The ruling in Whole Woman’s Health means that potential violators of any newly enacted law modeled on SB 8 are prevented from challenging that law before being subjected to its legal consequences. There can be little doubt that both Red and Blue States will rely on that precedent to leverage SB 8 for their partisan political purposes – Florida’s legislature already has indicated its intent to do so. Whole Woman’s Health empowers State governments to enact all kinds of unconstitutional laws that apparently can’t be challenged until after they take effect, undermining judicial oversight, stare decisis, and the judicial protections enshrined in America’s balance-of-powers Constitution … as well as America’s national unity and cohesion. States Rights thereby are expanded, and Federalism routed. Blue States, for example, can pass laws that provide a $10,000 bounty against those who protest against abortion rights or oppose gun control – which would be a clear violation of free speech rights – and Red States similarly could pass laws that grant a $10,000 bounty against anyone who advocates gun control as well as against businesses that require mask-wearing by employees or patrons. The Whole Woman’s Health ruling places no apparent limits on States’ power to vigilante-ize conduct.

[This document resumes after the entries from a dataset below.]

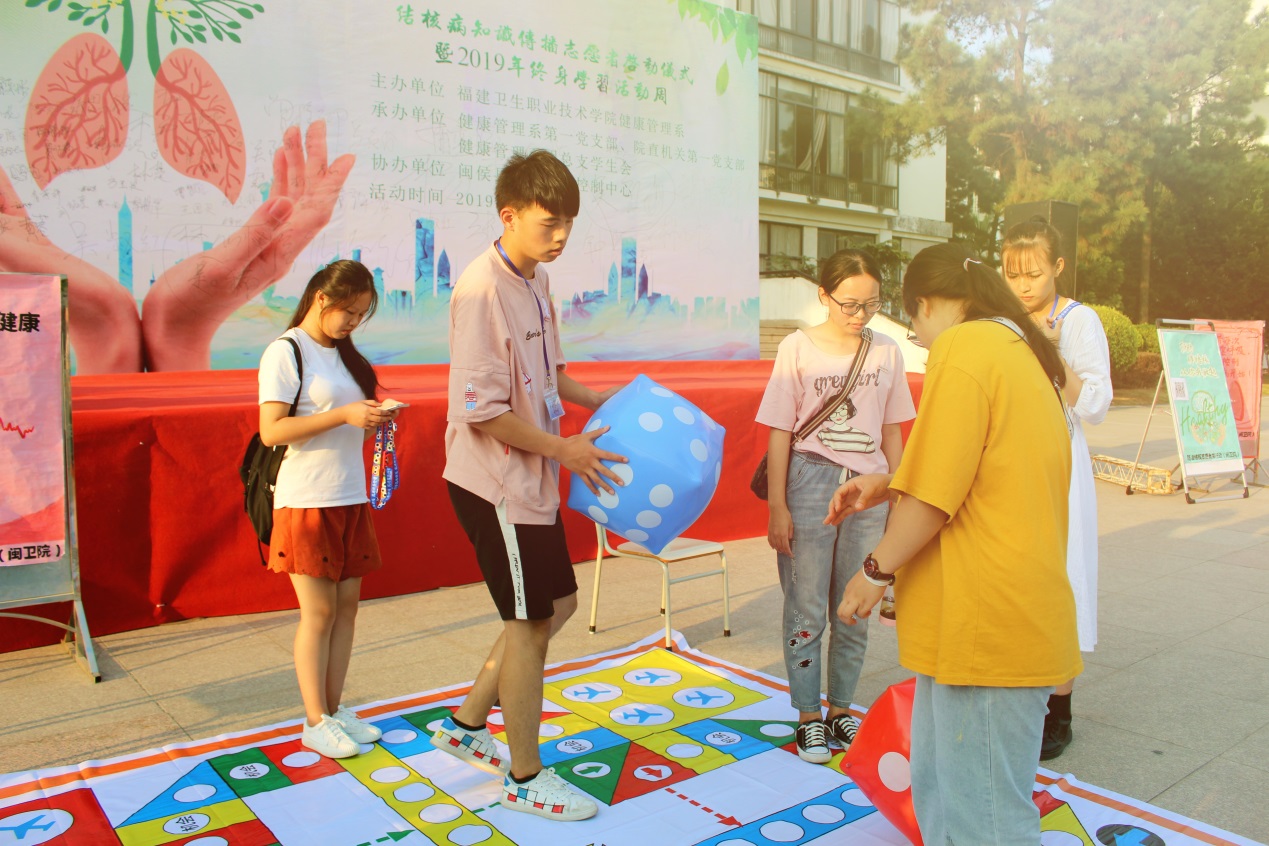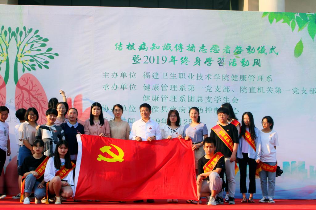 2019年9月25日,由健康管理系主辦,管理系第一黨支部、院直機(jī)關(guān)第一黨支部、健康管理系團(tuán)總支承辦的“志愿者結(jié)核病防治知識(shí)傳播啟動(dòng)儀式暨2019年終身學(xué)習(xí)活動(dòng)周”在福建衛(wèi)生職業(yè)技術(shù)學(xué)院圖書館廣場(chǎng)舉行。此次活動(dòng)是根據(jù)福建省終身教育促進(jìn)委員會(huì)關(guān)于開展2019年“9?28終身教育活動(dòng)日”暨全民終身學(xué)習(xí)活動(dòng)周的通知精神并響應(yīng)福建省衛(wèi)生計(jì)生委推動(dòng)結(jié)核病防治知識(shí)傳播活動(dòng)的號(hào)召,在學(xué)校組建結(jié)核病防治宣傳活動(dòng)志愿團(tuán)隊(duì),發(fā)揮學(xué)生專業(yè)技能,推進(jìn)健康中國(guó)建設(shè),大力提高國(guó)民素質(zhì),并提高學(xué)生為人群健康服務(wù)的意識(shí)和決心?;顒?dòng)得到了閩侯縣CDC的大力支持,閩侯縣疾控中心江仁銜主任、福建省疾病預(yù)防控制中心黃智忠副主任醫(yī)師、院團(tuán)委黃曦書記、健康管理系黨政負(fù)責(zé)人等參加活動(dòng)。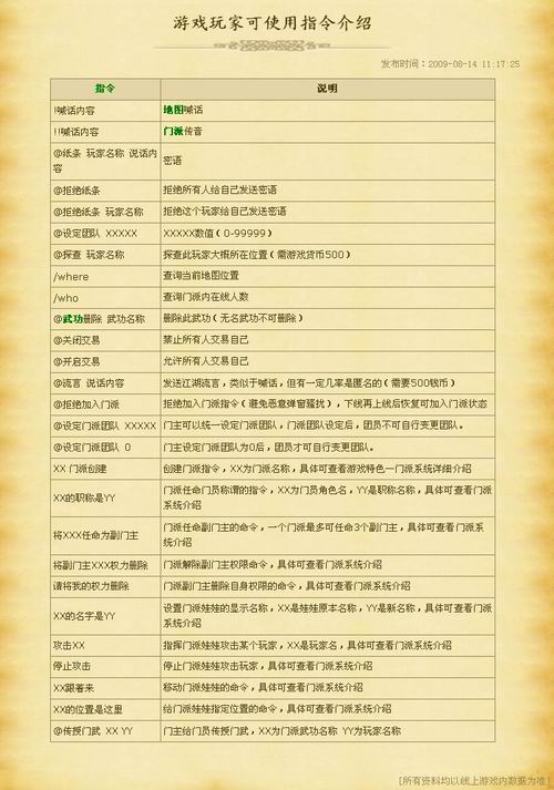 武者OL玩家指令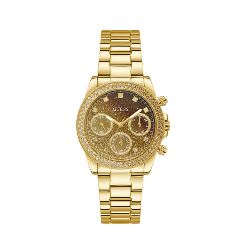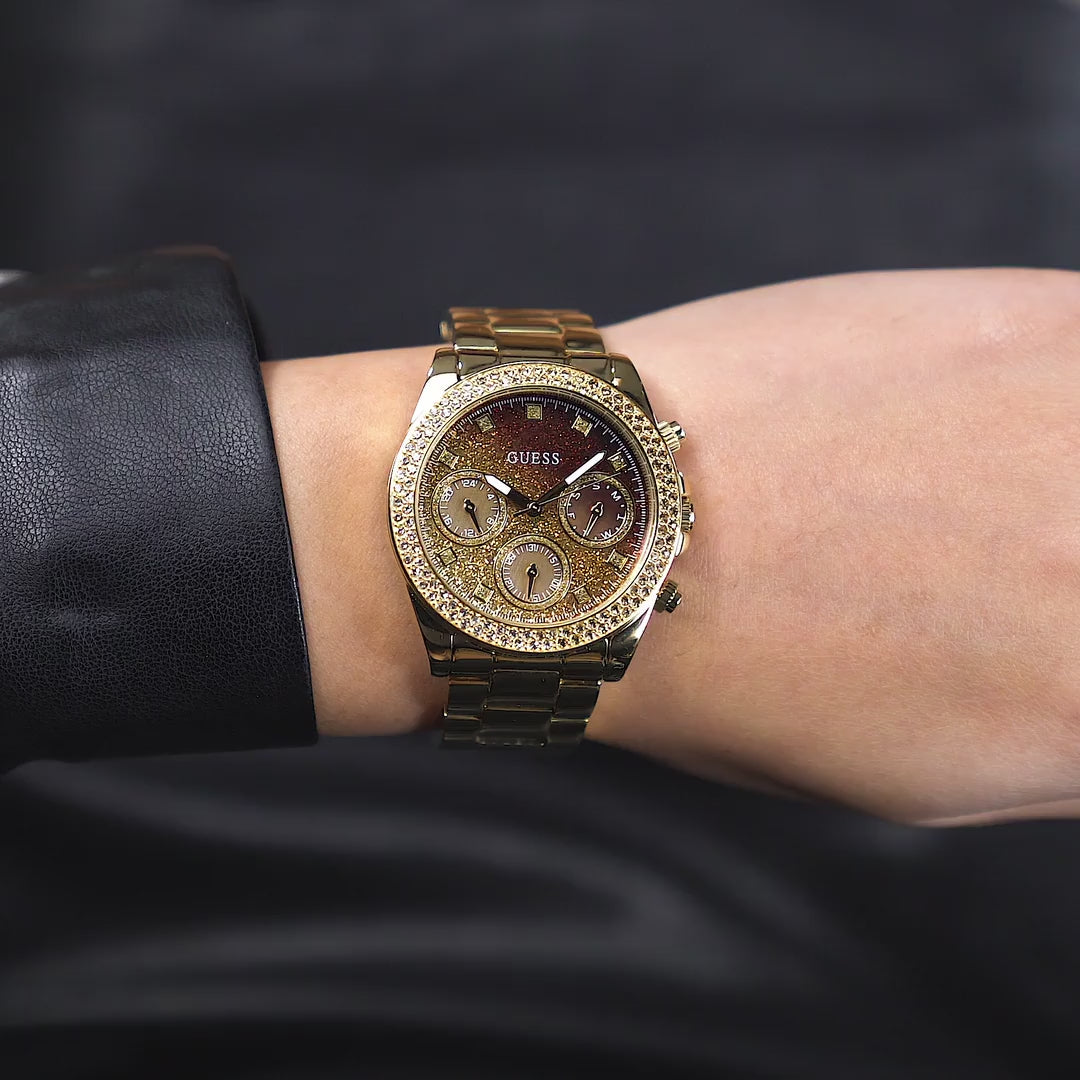 It's Ombre heaven with this double row of crystal glitz ombre top ring that transcends onto its ombre glitter dial and pairs on a sleek metal bracelet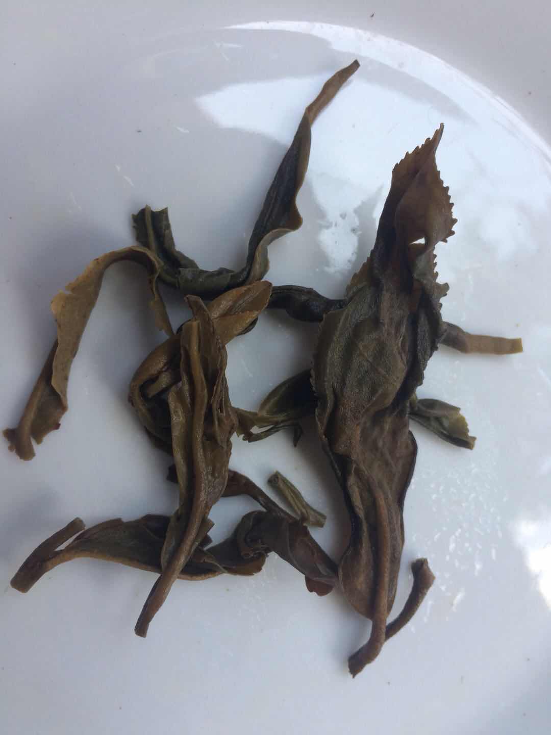 这七泡茶,大约喝了两个小时,饮后腹中有明显饥饿感。看一下叶底,有一些甚为肥壮粗大,也有一些稍微瘦小单薄,大概也是二春茶的特点吧。因为太饿,实在是喝不动了,便留到下午继续喝。如上图片,分别是第一、三、五、七泡的茶汤,拆下的干茶,以及泡过的叶底。

This term, the Supreme Court will decide Dobbs v. Jackson Women’s Health Organization, a direct assault on Roe v. Wade. Many Court-watchers expect that the Trump Court will use Dobbs as an opportunity to expressly reverse Roe v. Wade (which reversal would immediately make abortion illegal in 11 states and a felony in at least 2). Whether Whole Woman’s Health and Dobbs do so directly or by a thousand cuts, the era of national abortion rights has ended. Perhaps more significantly, however, Whole Woman’s Health ushers in a new era in American government. States Rights are ascendant, which means that States will now be empowered to go in disparate directions, further fractionalizing America on geographical, tribal, and political grounds. Such an accelerating partisan sundering portends an increasingly challenging future for America and Americans.